*** RECORDS FOR PROCESSING

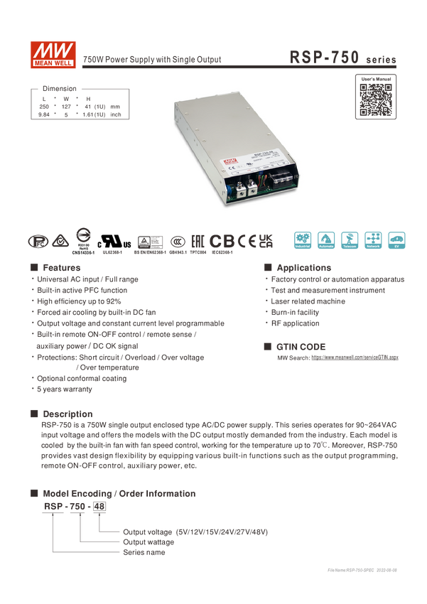 RSP-750-48 Zasilacz MEAN WELL RSP-750-48 48 V/DC 15.7 A 753.6 W
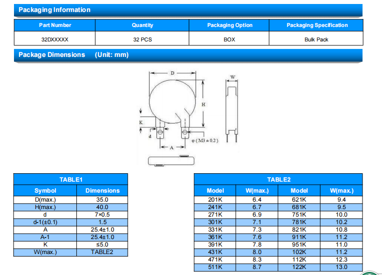 | type: | Metal Oxide Varistors (MOV) | model: | 07D101K |
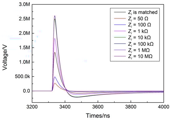 λ is the electromagnetic wavelength of a certain frequency. This radiating resistance is negligible at low frequencies and increases as a function of the frequency. Because the spectrum of the HEMP is so high, the losses increase dramatically for the transmission line response calculation. The radiating resistances are set at both ends of the transmission line. However, resistance only plays an important role when the termination value is comparable with radiating resistance. In this paper, the value of termination is 1 MΩ, which expresses the status of open voltage and the influence of different values of terminations on the voltage, as shown in Figure 3. In the calculation, the standard E1 HEMP waveform with 50 kV/m amplitude, 2.5 ns rise time, and 23 ns pulse width defined by IEC is selected.
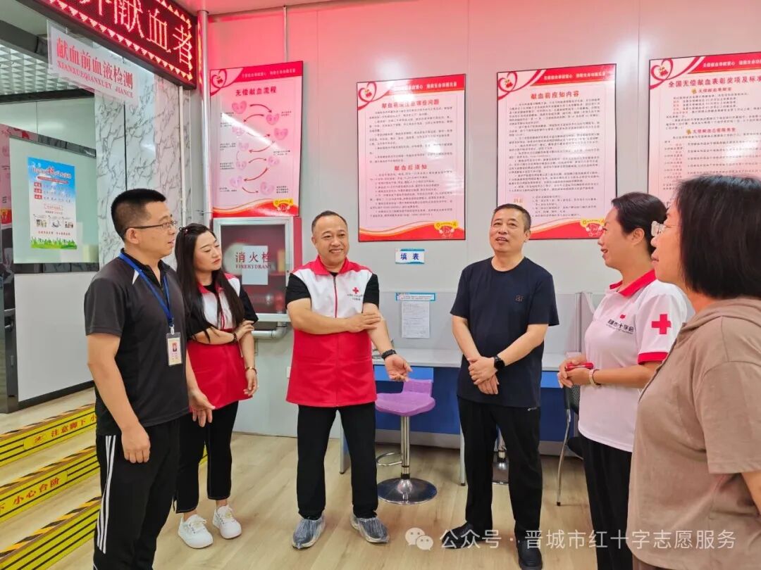 晋城市红十字会党组成员、副会长刘晋宇与党支部副书记、四级调研员司林霞来到市中心血站,为坚守在这里的红十字志愿者送来节日的祝福和感谢,对志愿者无私奉献的精神给予高度赞扬。
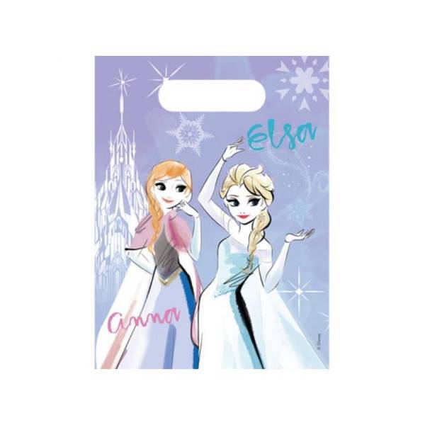 These Frozen Sparkle Party Bags come in a convenient pack of six items. Each bag is constructed from durable plastic and is 100% officially licensed merchandise. They feature beloved characters Anna and Elsa alongside themed graphics for themed events. The practical design ensures easy transport and filling for guests.
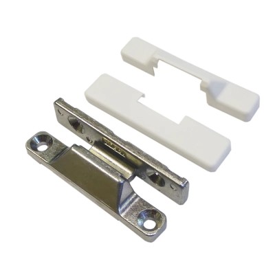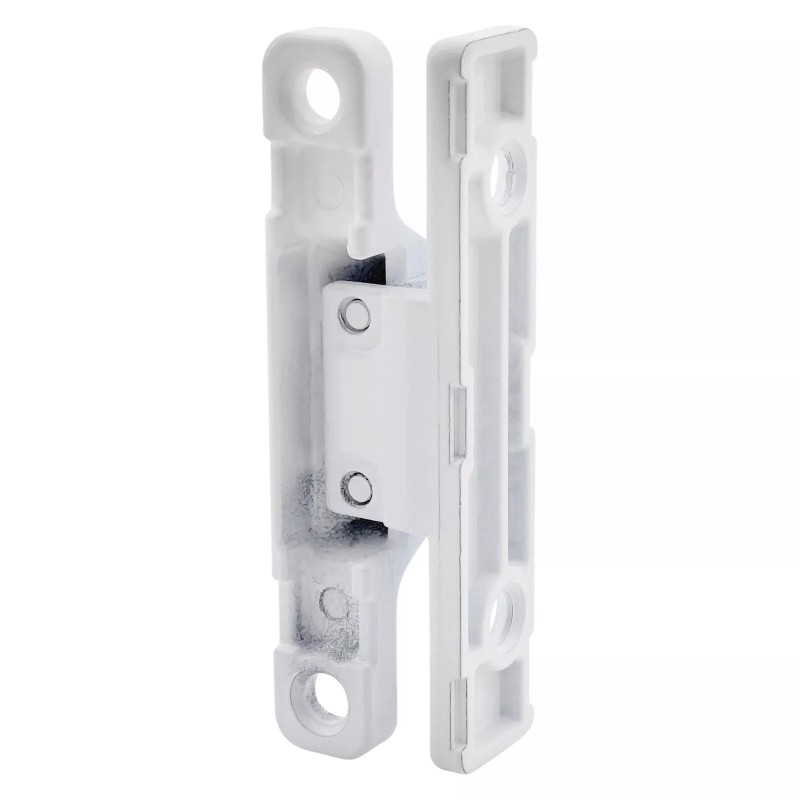 Plastiko, medžio ir aliuminio konstrukcijoje montuojamas papildomas spaustukas, metalinis, baltos spalvos.
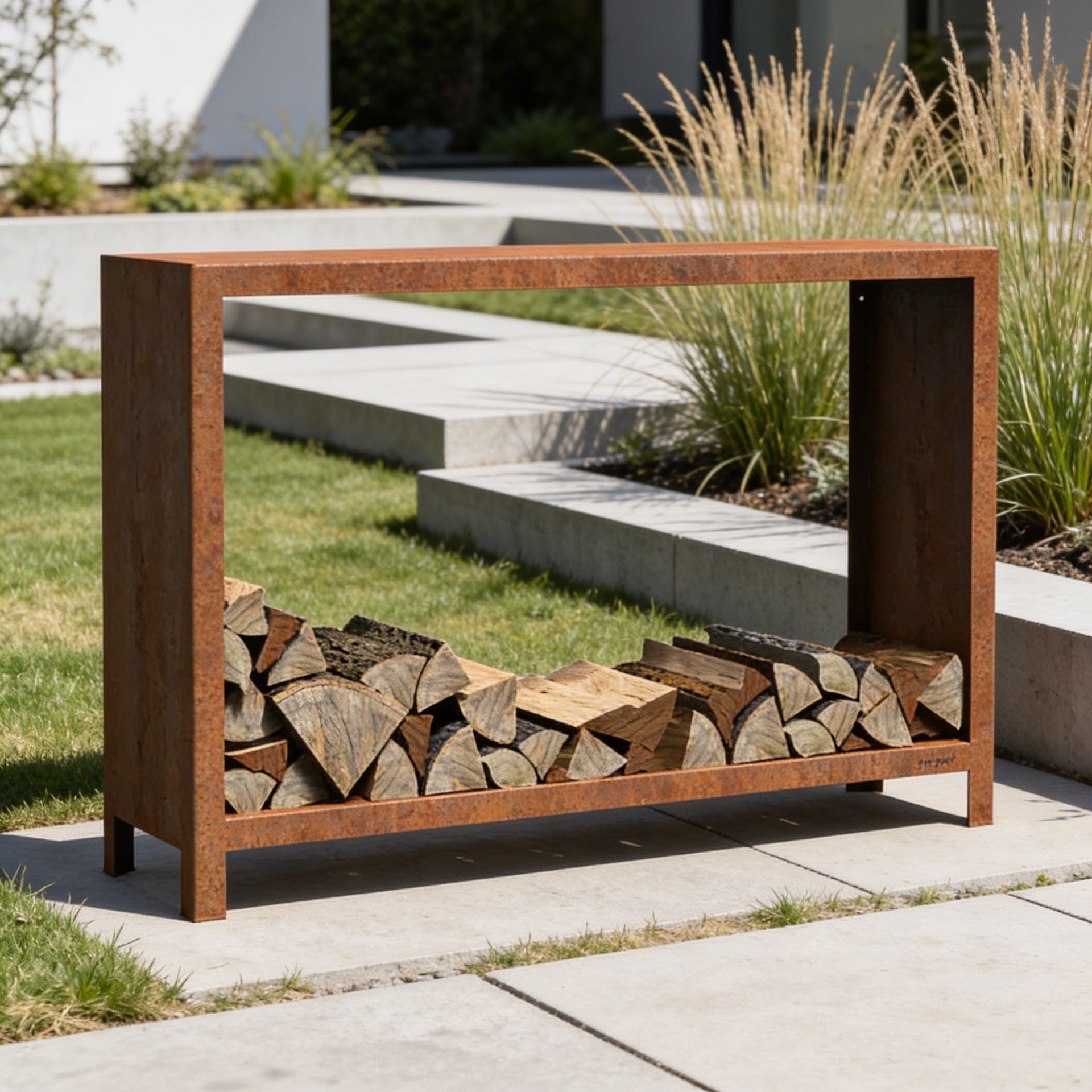 Verleihe deinem Außenbereich Stil und Funktionalität mit unseren erstklassigen Holzlagern aus 3 mm starkem Cortenstahl.
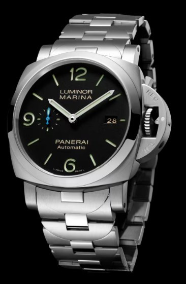 Часы Officine Panerai Luminor Marina 44 mm представлены в корпусе из нержавеющей стали размером 44 х 15.65 мм, водонепроницаемость до 300 метров. Внутри корпуса установлен автоматический механизм, Калибр P.9010 с запасом хода 3 дня. На черном циферблате отображаются часы, минуты, секунды, дата. Часы комплектуются браслетом из нержавеющей стали.
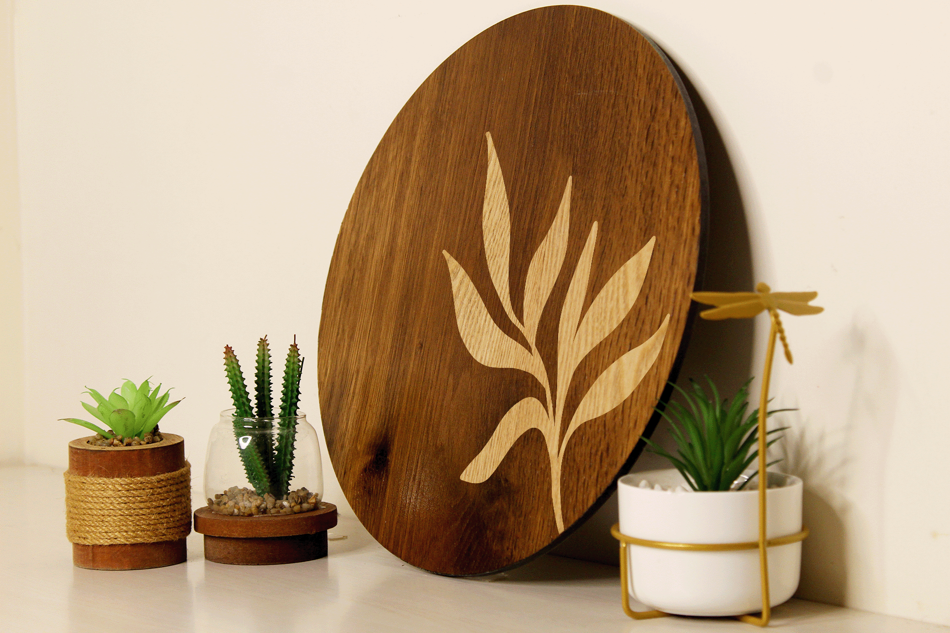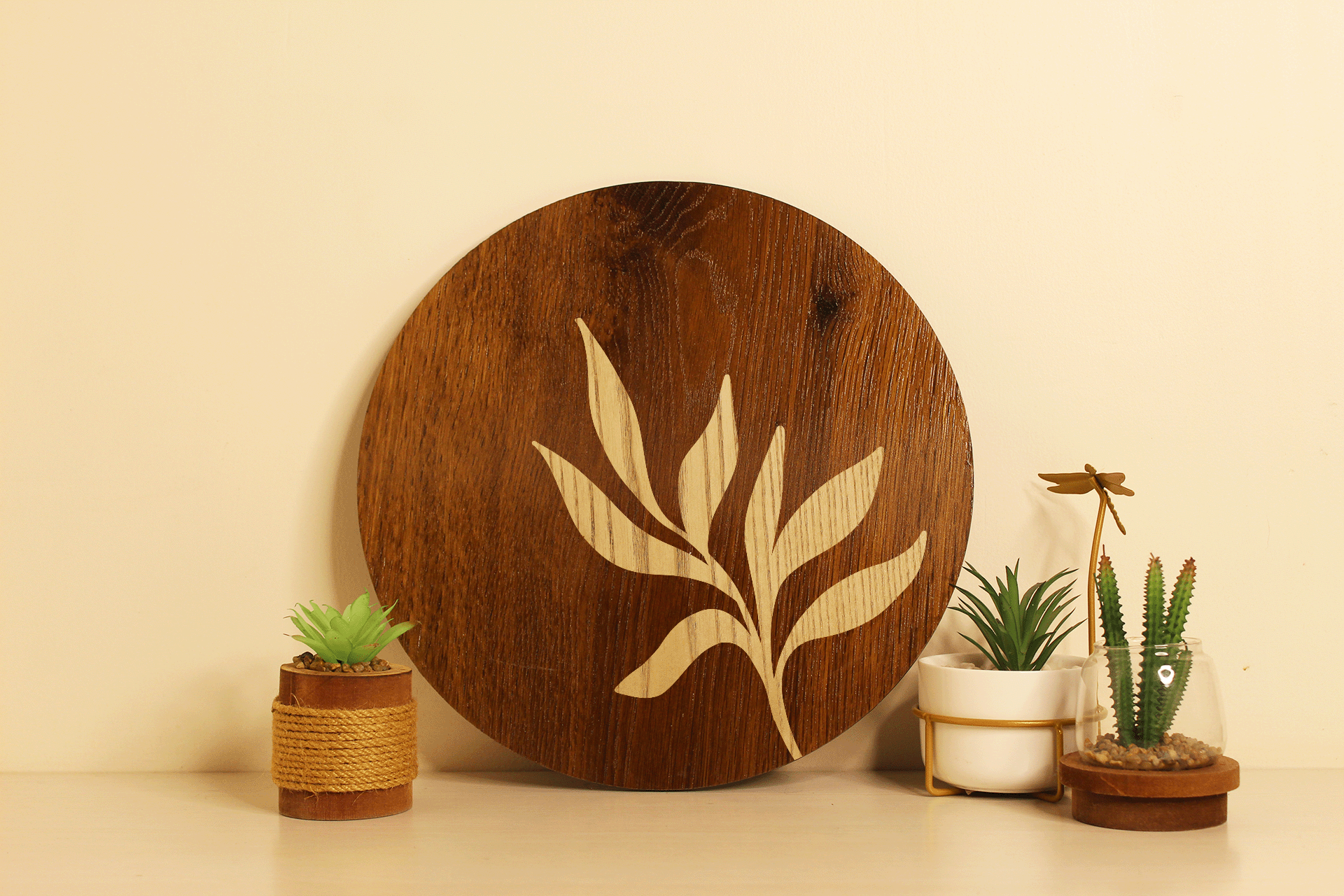 Add an organic touch of nature to your home with this handcrafted circular wooden wall décor.
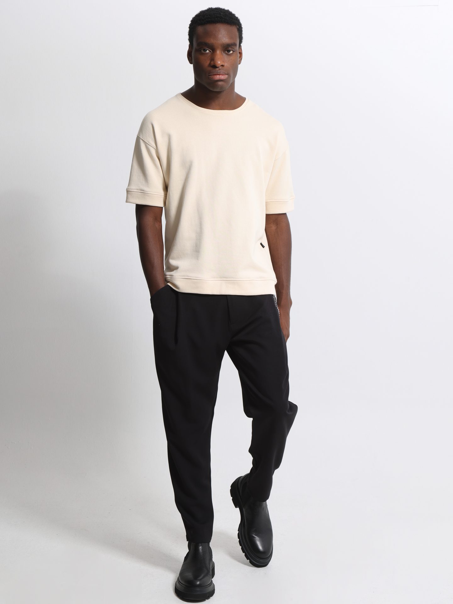 Το κοντομάνικο φούτερ της MAKAN COLLECTION επαναπροσδιορίζει το casual streetwear με έναν πιο σύγχρονο και χαλαρό χαρακτήρα. Με ιδιαίτερη υφή στο ύφασμα, φαρδιά γραμμή και ριμπ λεπτομέρειες σε λαιμόκοψη και μανίκια, αποτελεί ιδανική βάση για layered looks ή αυτόνομο statement κομμάτι για κάθε εποχή. Η oversized αισθητική του προσδίδει ένα ανεπιτήδευτο coolness, τέλειο για city εμφανίσεις με προσωπικότητα.
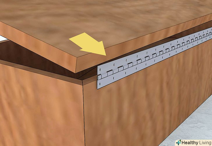 Прикріпіть кришку труни. якщо ви використовуєте труну в похоронних цілях, Ви можете просто прибити кришку. Або прикріпіть петлі до однієї з довгих країв труни і протягніть стрижень до кришки.

******

■ **ABOUT THIS EXERCISE**
The answer should consist of all the records, duplicated exactly, with no images included.

■ **ANSWER SECTION**
 RSP-750-48 Zasilacz MEAN WELL RSP-750-48 48 V/DC 15.7 A 753.6 W
 | type: | Metal Oxide Varistors (MOV) | model: | 07D101K |
 λ is the electromagnetic wavelength of a certain frequency. This radiating resistance is negligible at low frequencies and increases as a function of the frequency. Because the spectrum of the HEMP is so high, the losses increase dramatically for the transmission line response calculation. The radiating resistances are set at both ends of the transmission line. However, resistance only plays an important role when the termination value is comparable with radiating resistance. In this paper, the value of termination is 1 MΩ, which expresses the status of open voltage and the influence of different values of terminations on the voltage, as shown in Figure 3. In the calculation, the standard E1 HEMP waveform with 50 kV/m amplitude, 2.5 ns rise time, and 23 ns pulse width defined by IEC is selected.
 晋城市红十字会党组成员、副会长刘晋宇与党支部副书记、四级调研员司林霞来到市中心血站,为坚守在这里的红十字志愿者送来节日的祝福和感谢,对志愿者无私奉献的精神给予高度赞扬。
 These Frozen Sparkle Party Bags come in a convenient pack of six items. Each bag is constructed from durable plastic and is 100% officially licensed merchandise. They feature beloved characters Anna and Elsa alongside themed graphics for themed events. The practical design ensures easy transport and filling for guests.
 Plastiko, medžio ir aliuminio konstrukcijoje montuojamas papildomas spaustukas, metalinis, baltos spalvos.
 Verleihe deinem Außenbereich Stil und Funktionalität mit unseren erstklassigen Holzlagern aus 3 mm starkem Cortenstahl.
 Часы Officine Panerai Luminor Marina 44 mm представлены в корпусе из нержавеющей стали размером 44 х 15.65 мм, водонепроницаемость до 300 метров. Внутри корпуса установлен автоматический механизм, Калибр P.9010 с запасом хода 3 дня. На черном циферблате отображаются часы, минуты, секунды, дата. Часы комплектуются браслетом из нержавеющей стали.
 Add an organic touch of nature to your home with this handcrafted circular wooden wall décor.
 Το κοντομάνικο φούτερ της MAKAN COLLECTION επαναπροσδιορίζει το casual streetwear με έναν πιο σύγχρονο και χαλαρό χαρακτήρα. Με ιδιαίτερη υφή στο ύφασμα, φαρδιά γραμμή και ριμπ λεπτομέρειες σε λαιμόκοψη και μανίκια, αποτελεί ιδανική βάση για layered looks ή αυτόνομο statement κομμάτι για κάθε εποχή. Η oversized αισθητική του προσδίδει ένα ανεπιτήδευτο coolness, τέλειο για city εμφανίσεις με προσωπικότητα.
 Прикріпіть кришку труни. якщо ви використовуєте труну в похоронних цілях, Ви можете просто прибити кришку. Або прикріпіть петлі до однієї з довгих країв труни і протягніть стрижень до кришки.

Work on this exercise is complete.